How about you be the future for a little while?! I thought to myself. How about you lead the way and let me be a freaking kid instead of trying to pawn off all your frigging problems on me?! OK?! How about that?

And, you know what? You're not allowed to not like The Greatest Love of All. We've all been to that party at the end of the night when the DJ plays it and everyone starts singing it in the worst possible drunk-screech like it's the most profound freakin thing and every time I hear it, every single time I hear it, I'm that kid again, thinking about how shallow, how cowardly and impotent and flat-out unfair the sentiment of that song is.

And that's just the first line!

"I decided long ago, never to walk in anyone's shadow" What? When you were 12?

"They can't take away my dignity." No but you're doing a pretty good job of that yourself.

"Give them a sense of pride, to make it easier, Let the children's laughter remind us how we used to be." You're 22! How about reminding yourself how you are right now! and get the frack out my face trying to recapture the youth that hasn't even gone away yet, no matter how much coke you shove up yourself. It's creepy and annoying. I've got my pride ok, pride comes from within, which is what the frigging song you're singing is ostensibly supposed to be ABOUT! so not only is it condescending but it's also internally illogical!

Learning to love yourself is the greatest love of all.

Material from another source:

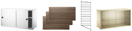 | Nachhaltigkeit | Die Maße des String-Regals sind seit 1949 unverändert, sodass jedes Regal unabhängig vom Alter immer wieder einfach umgestaltet und erweitert werden kann. |

Now that might be the first honest thing you've said because if this frigging song demonstrates ANYTHING, it's that you completely and totally love yourself so much it isn't even funny.

Ok, so maybe I'm channeling a young and mixed up I'mNotBobby, but I mean, you know what I mean, right? It's wrong. It's just all wrong.

Friday, December 11, 2009

#14 Beer

You know when you're, I don't know, 13, 15, 9, and someone older gives you your first taste of beer? And they're invariably older than you and this pretty much always happens at that time of your life when "older" means "better" in pretty much every conceivable way that matters to you. And so it's 2 in the afternoon and you've spent the afternoon out in the heat and there you are, and your older brother's hanging out with his friends and Danny, the one you know they all think is funny and cool and he's athletic and kind of a dick and there's something in the pit of your stomach that tells you this guy's bad news but all the girls in your class totally love him and talk about him all the time, and he's like, hey I'mNotBobby, c'mere, you ever had a beer before? And he hands you a cold bottle of Flitzenflachen and you're not sure, but you've thought about it before, I mean by that age, you've seen enough beer commercials and ads to think of it as this beautiful, translucently gold, foamy, cold-sweating-glass wunderbeverage and but while you're kind of scared of taking that oddly sacred leap away from your childhood, you're also anticipating this almost nectar-of-the-Olympian-gods type experience?

So you decide to do it, to have your first beer.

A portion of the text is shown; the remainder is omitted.